[Data records Boundary: Start]

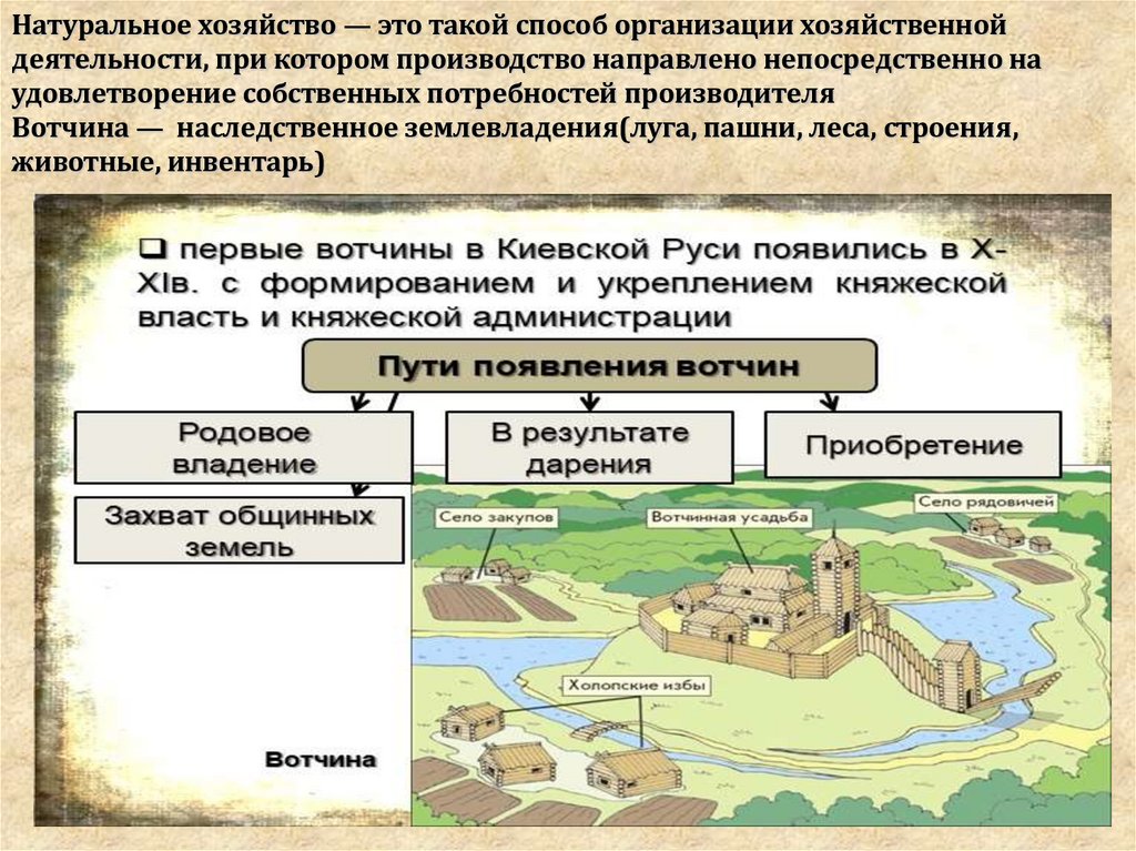 Вотчина — наследственное землевладения(луга, пашни, леса, строения,
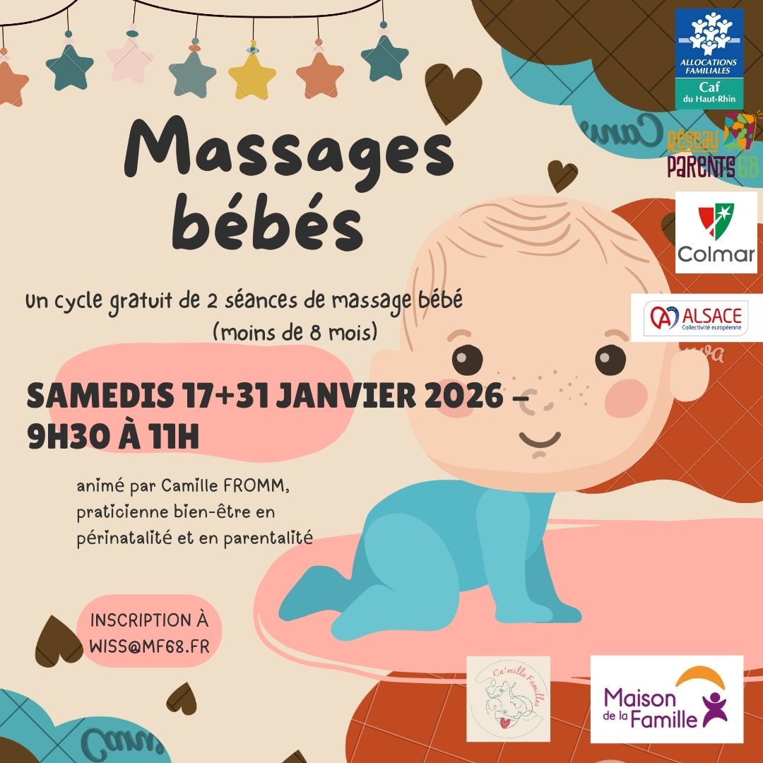 Venez partager un moment de complicité et de douceur avec votre bébé autour d’un cycle de 2 séances de massages proposé par Camille FROMM, accompagnante en périnatalité.
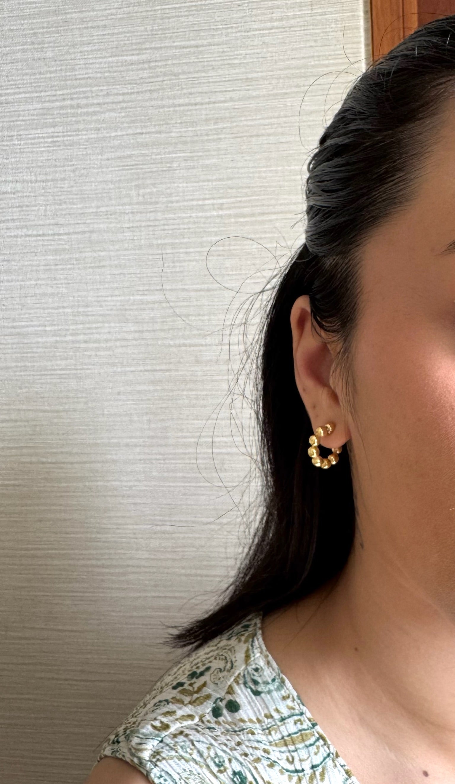 A playful twist on a classic silhouette, the Orbit Ball Hoops feature a structured arc of molten gold spheres that wrap the ear with texture and movement. Their compact shape makes them perfect for everyday wear, while the bold clustered form adds sculptural edge.
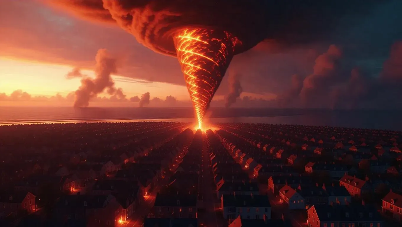 A gigantic fire tornado dominating a coastal town, shimmering embers, soft lighting, colorful destruction, hyper-realistic flames
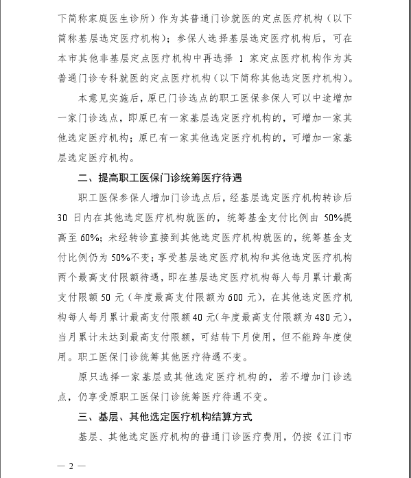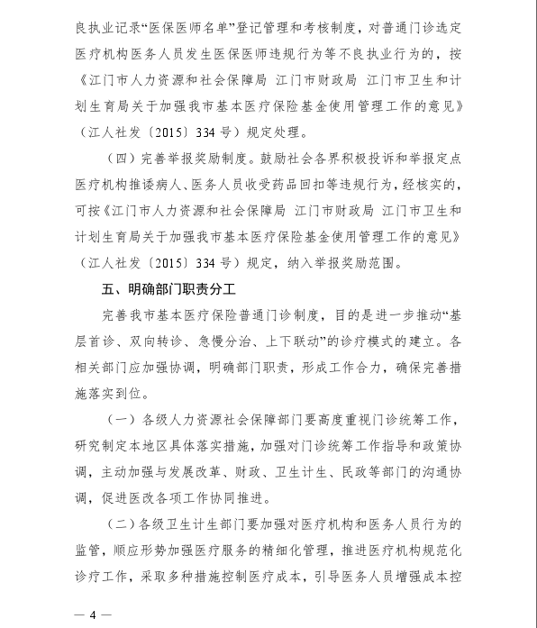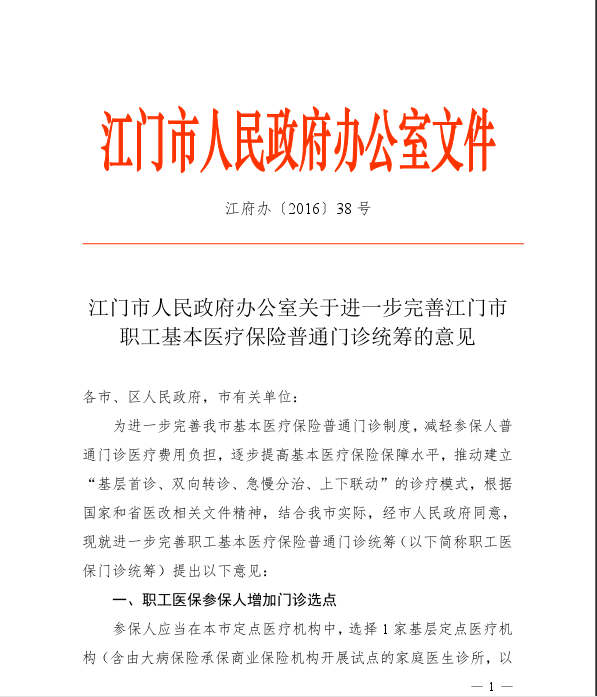 江門市人民政府辦公室關(guān)于進一步完善江門市職工基本醫(yī)療保險普通門診統(tǒng)籌的意見
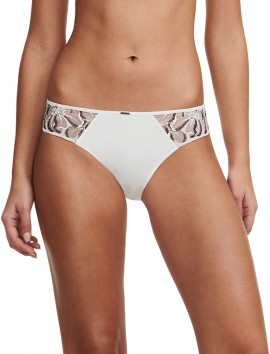 Braga Fleurs de Chantelle, en color marfil, con tul transparente en los laterales de la braga con flores bordadas en negro y blanco.
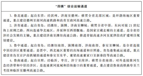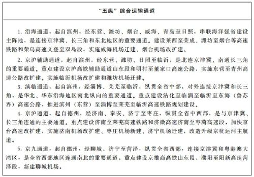 1.完善四横五纵通道。积极融入国家京津冀—长三角主轴、京哈走廊和京藏走廊。在基本形成鲁北、济青、鲁南三个横向通道基础上,加快完善鲁中横向通道,提升沿海港口辐射能力和西向铁水联运效能,积极融入共建“一带一路”高质量发展;在基本形成沿海、京沪辅助、京沪、京九四个纵向通道基础上,加快完善滨临纵向通道,强化与京津冀、长三角区域连接。
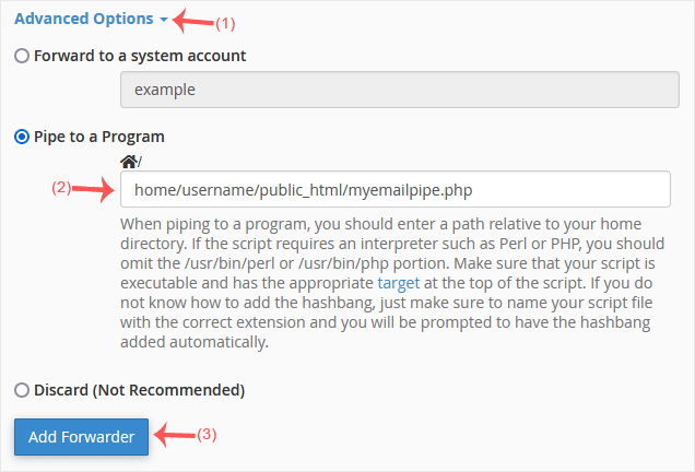 How to forward an email? 1. Log in to your cPanel account. 2. In the Email section, click on Forwarders and then click on Add Forwarder. 3. Enter the following details: Address to Forward: Enter the email address you want to forward. If you're going to forward your myemail@example.com to a custom e-mail address, enter myemail in this field. Domain: Select the appropriate domain from the Domain drop-down list if you have multiple domains. 4. In the Destination field, select Forward to email address and enter your custom e-mail address on which you want to receive forwarded emails. 5. Click on Add Forwarder. How to forward an email to a mail pipe script/program? 1. In the Email section, click on Forwarders and then choose Add Forwarder. 2. Enter the following details: Address to Forward: Enter the email address you want to forward. Domain: Select the appropriate domain from the Domain drop-down list if you have multiple domains. 3. In the Destination field, click on Advanced Options, select Pipe to a Program and enter the full path of your pipe script, such as home/username/public_html/myemailpipe.php. You may have noticed that we do not use a slash at the beginning of the URL. 4. Click on Add Forwarder.
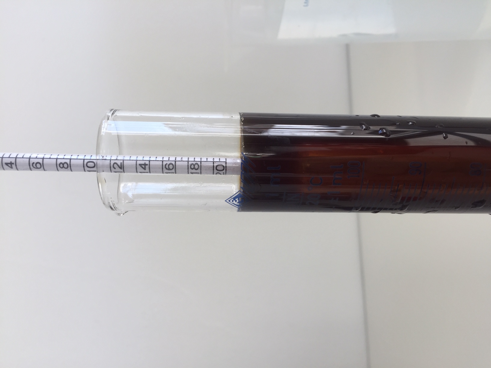 Verdünn die Würze für die Spindel zur Hälfte mit Wasser, dann kannst du die Stammwürze bestimmen.
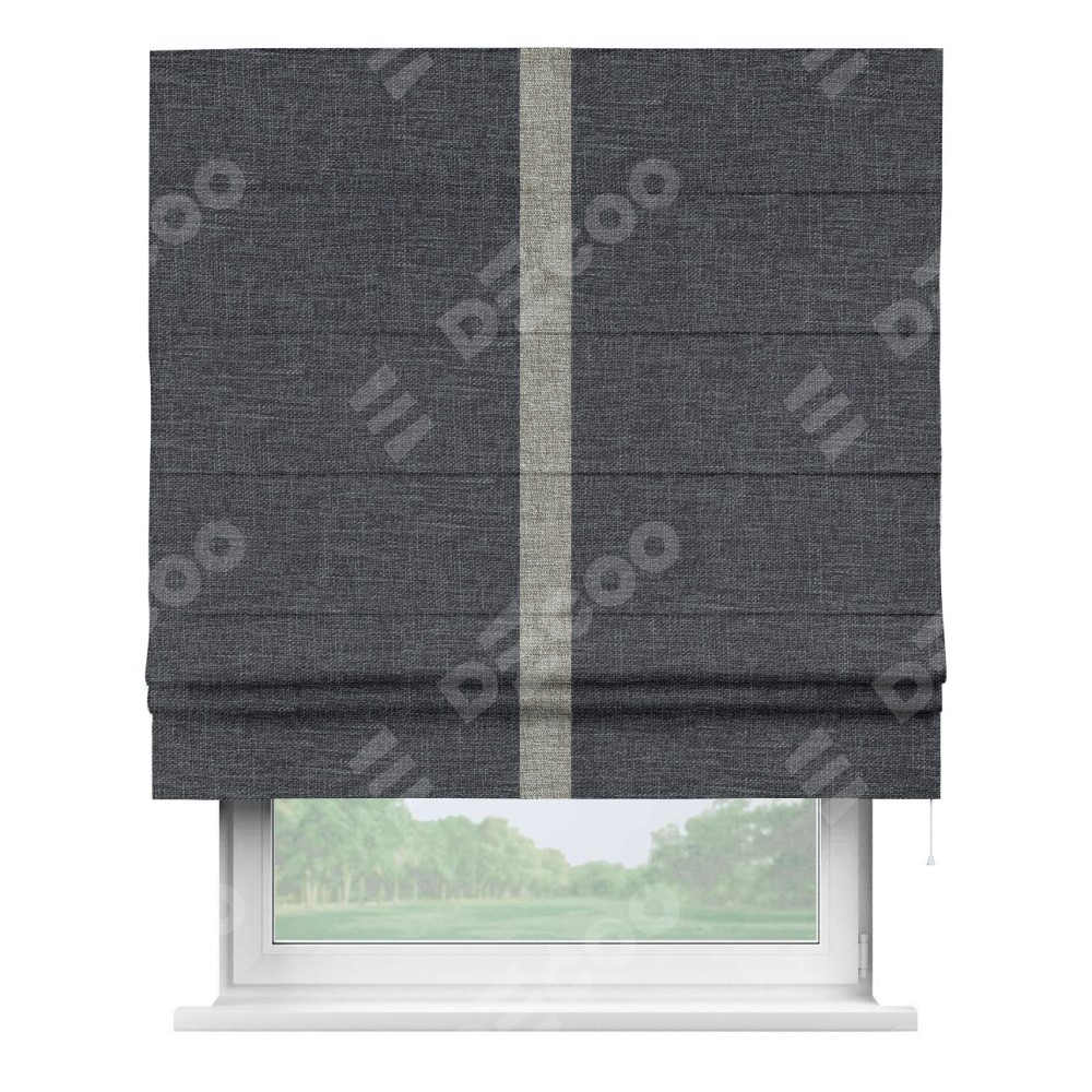 Римская штора пошита из ткани рогожка димаут графит, артикул: 90950, с отделкой кантом «Хайвэй» представляет собой уникальное и смелое дизайнерское решение, где кант расположен вертикально посередине шторы. Этот дизайн не только выделяет штору среди других вариантов оформления окон, но и создает интересный визуальный акцент, привлекая внимание к центру окна и разделяя штору на визуальные зоны. Такой нестандартный подход добавляет динамичности интерьеру и может быть использован для подчеркивания особенностей оформления помещения.

[Data records Boundary: End]

I would like the exact lines from the data above, starting with the one that holds "A gigantic fire" and going on through the one that holds "1.完善四横五纵通道。积极融", without the pictures.

### Answer area
 A gigantic fire tornado dominating a coastal town, shimmering embers, soft lighting, colorful destruction, hyper-realistic flames
 江門市人民政府辦公室關(guān)于進一步完善江門市職工基本醫(yī)療保險普通門診統(tǒng)籌的意見
 Braga Fleurs de Chantelle, en color marfil, con tul transparente en los laterales de la braga con flores bordadas en negro y blanco.
 1.完善四横五纵通道。积极融入国家京津冀—长三角主轴、京哈走廊和京藏走廊。在基本形成鲁北、济青、鲁南三个横向通道基础上,加快完善鲁中横向通道,提升沿海港口辐射能力和西向铁水联运效能,积极融入共建“一带一路”高质量发展;在基本形成沿海、京沪辅助、京沪、京九四个纵向通道基础上,加快完善滨临纵向通道,强化与京津冀、长三角区域连接。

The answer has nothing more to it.